Dopo aver premesso di aver rilevato il Sindacato in uno stato di sfacelo tale, che egli non avrebbe assunto la responsabilità amministrativa delle pratiche e delle pendenze di precedenti gestioni, Alfieri diede conto, per grandi linee, di quanto aveva fatto, d'accordo con il partito e con il go­verno, per il "risanamento" dell'istituto. Prospettò, inoltre, la necessità di creare tre uffici centrali — con il compito di una assistenza tecnica — per le cooperative di lavoro, di produzione e di consumo, ed un quarto ufficio per il credito, con la funzione "di creare le società cooperative di credito e, là dove già esistono, di spingerle nei propri quadri". Per lo svolgimento della normale amministrazione, questi uffici si sarebbero appoggiati ai fiduciari provinciali o regionali, i quali sarebbero stati, a loro volta, as­sistiti da comitati locali, eletti fra gli esponenti principali del movimento cooperativistico della zona. Tali uffici, inoltre, avrebbero esercitato un controllo sui propri associati, mediante l'istituendo ispettorato obbliga­torio per le cooperative. Chiese, infine, ricevendo l'approvazione del Gran Consiglio, che questo macchinoso organismo venisse eretto in Ente na­zionale della cooperazione.167 Non si trattava, però, come poteva sembrare, solo di una questione terminologica. L'erezione in ente morale significava che lo stato riconosceva, come unica rappresentante delle cooperative, l'organizzazione fascista e significava, altresì, che solo con essa avrebbe avuto rapporti giuridici. Non sarebbero passati due mesi, infatti, che la Lega nazionale delle cooperative, o, meglio, ciò che di essa ancora restava, sarebbe stata sciolta e Dino Alfieri ne sarebbe stato nominato liquidatore.

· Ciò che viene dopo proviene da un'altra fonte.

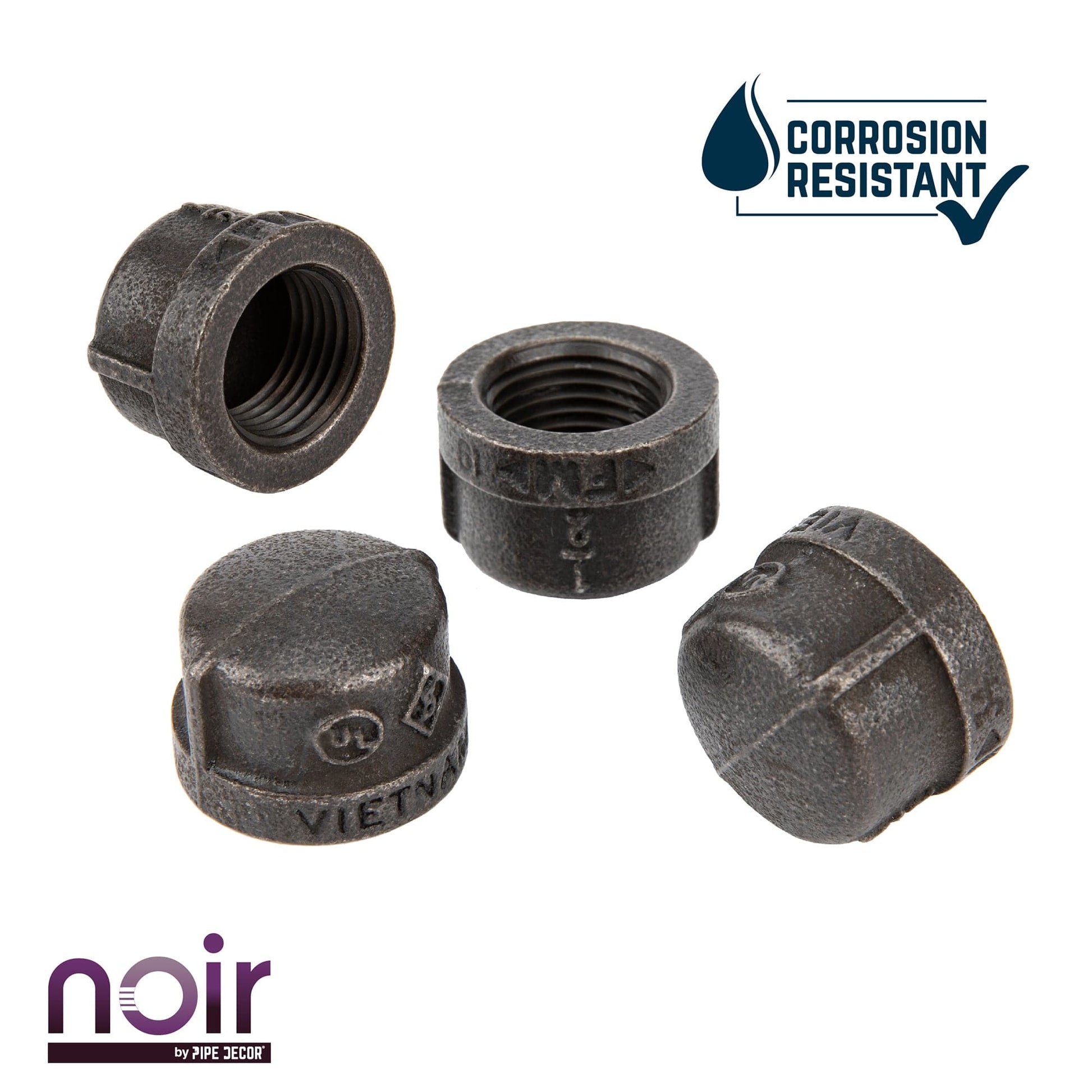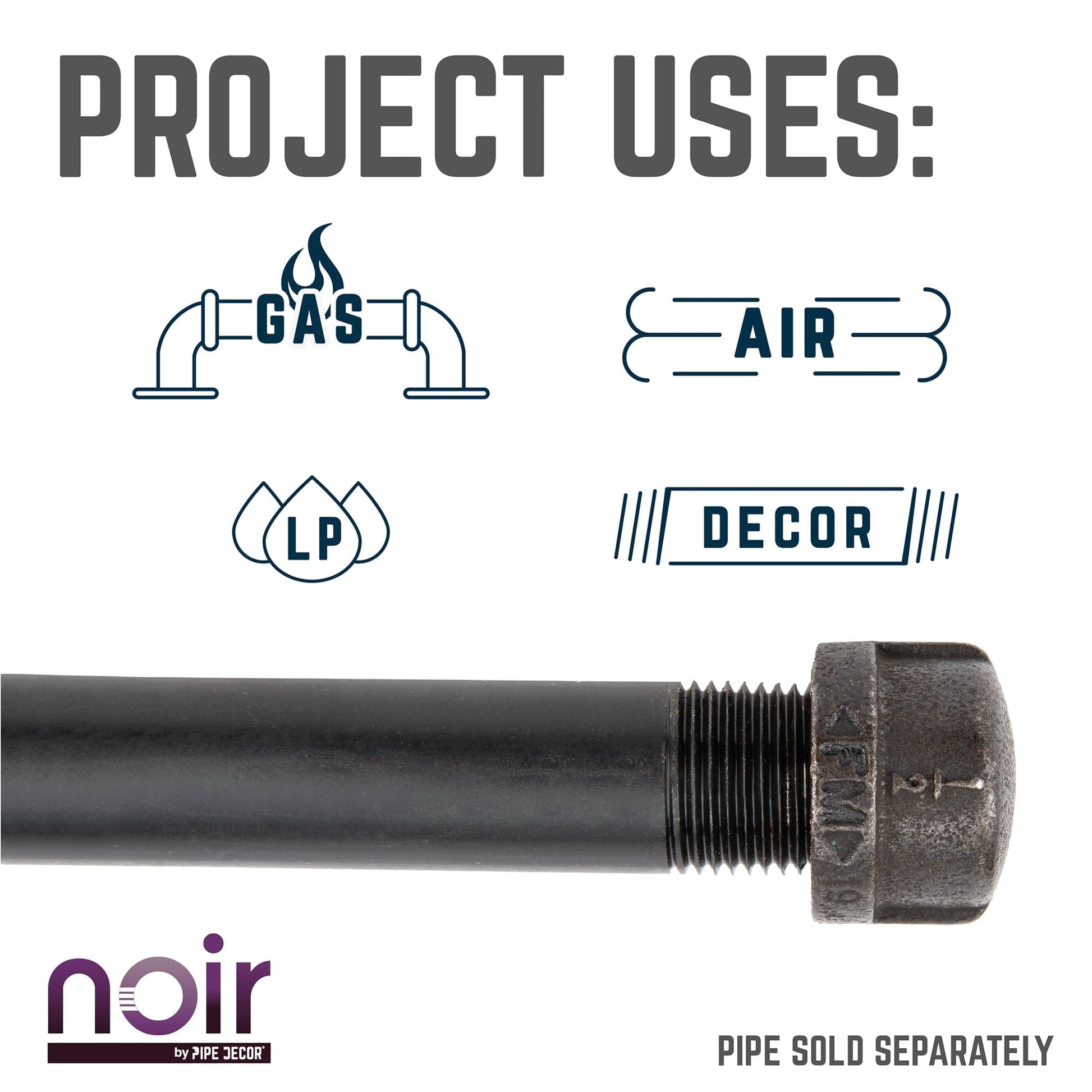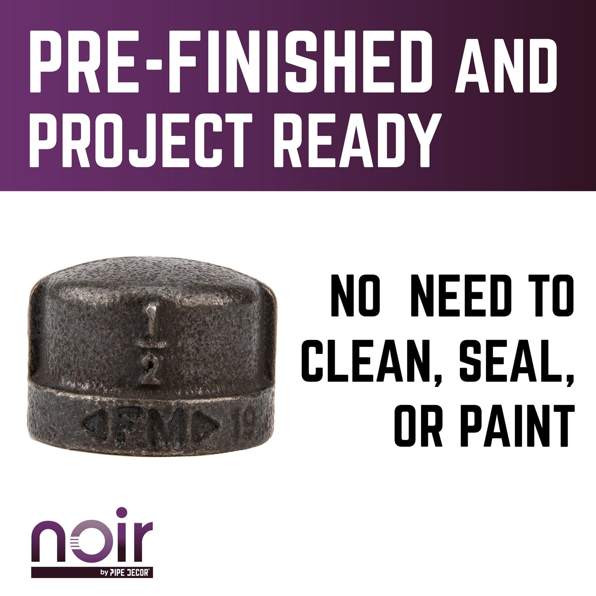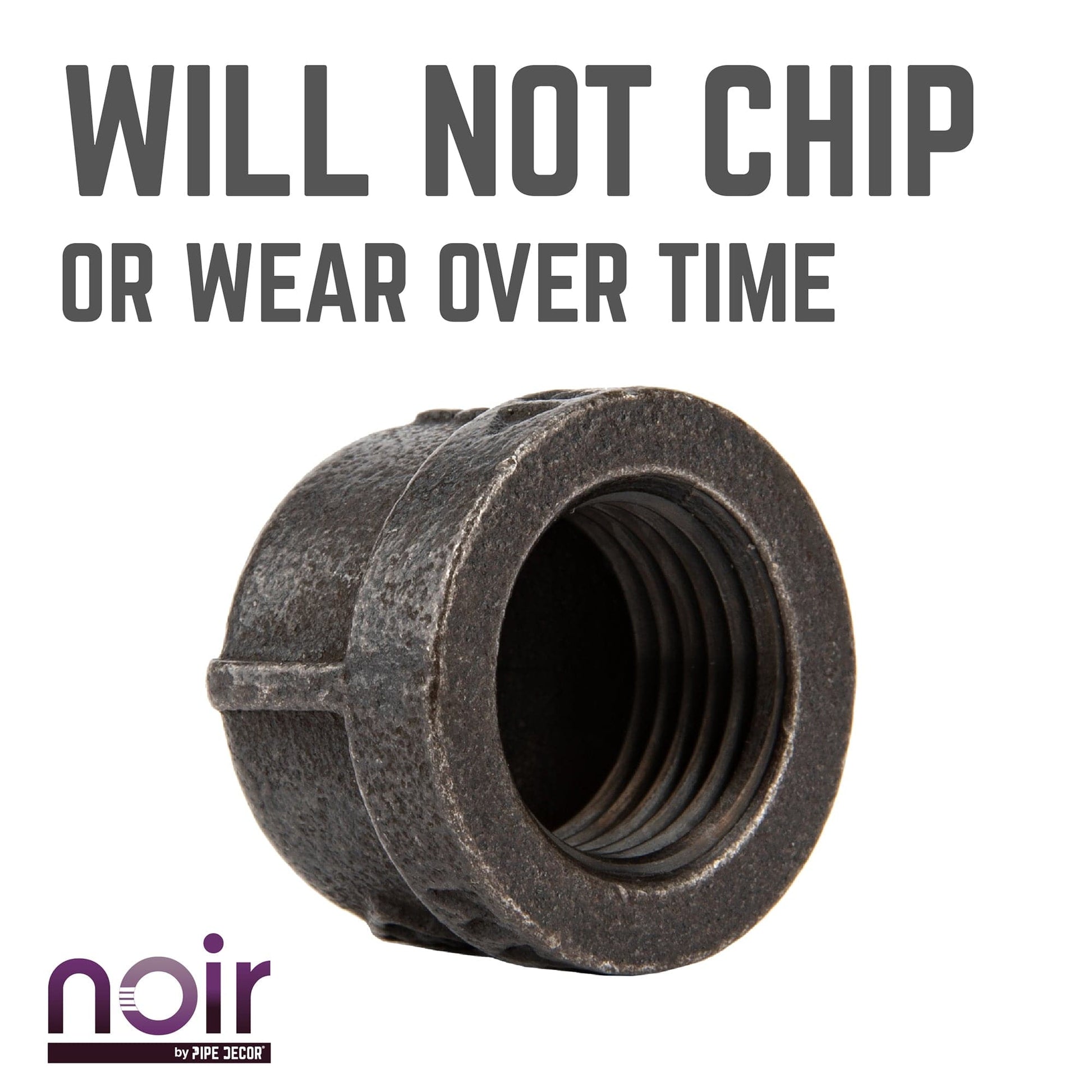 Take your industrial style to the next level with Noir by PIPE DECOR. These prefinished matte black iron fittings truly stand out from the crowd. Noir lends a sophisticated vibe to any PIPE DECOR piece. Build true black shelf brackets to pair with our RESTORE wood shelves or add black flanges to the ends of your pipe table legs. Noir also looks great with brass or galvanized accents. Combine any of our fitting finishes for a one-of-a-kind project that’s unique to you. The beauty of Noir goes below the surface. Unlike electroplated or painted items, our finishing process causes the matte black color to permeate each fitting for a deep tone that will last a lifetime. That means you never have to worry about chips or scratches. While our standard black pipes and fittings are coated in a protective oil during transit, our Noir line comes completely ready to use—no need to clean and seal. It’s laid-back and low maintenance for the DIYer on the go.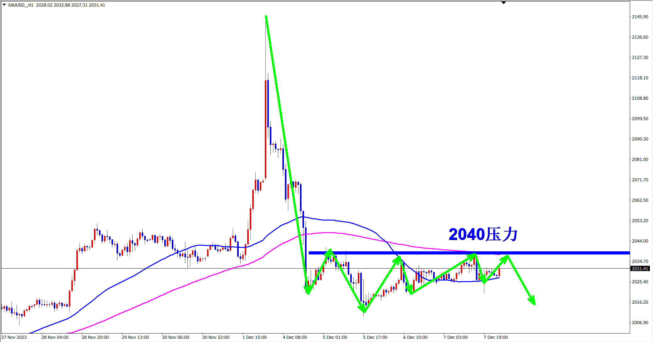 黄金昨日再次遇阻2040压力后下跌,王杨现价布局的2038空也如期大跌收割!当前黄金依旧是空头跌势,早盘2040压力继续干空! 黄金当前明显的下跌空头走势,1小时级别上,黄金也一直维持在均线下方,而且每次反弹遇阻2040后都再次大跌!这也是多头反弹难以逾越的高点压力,早盘反弹遇阻此位置后还是继续干空!

167 Il Gran Consiglio approva la relazione dell'on. Alfieri e crea l'Ente Nazionale della Cooperazione, in "Il Lavoro cooperativo", 14 ottobre 1925. Il testo della relazione è, anche, in ACS, Presidenza del Consiglio dei Ministri, 1925, fascicolo 3/18: Il Sindacato Italiano delle Cooperative e il Movimento Coo­perativo in Italia.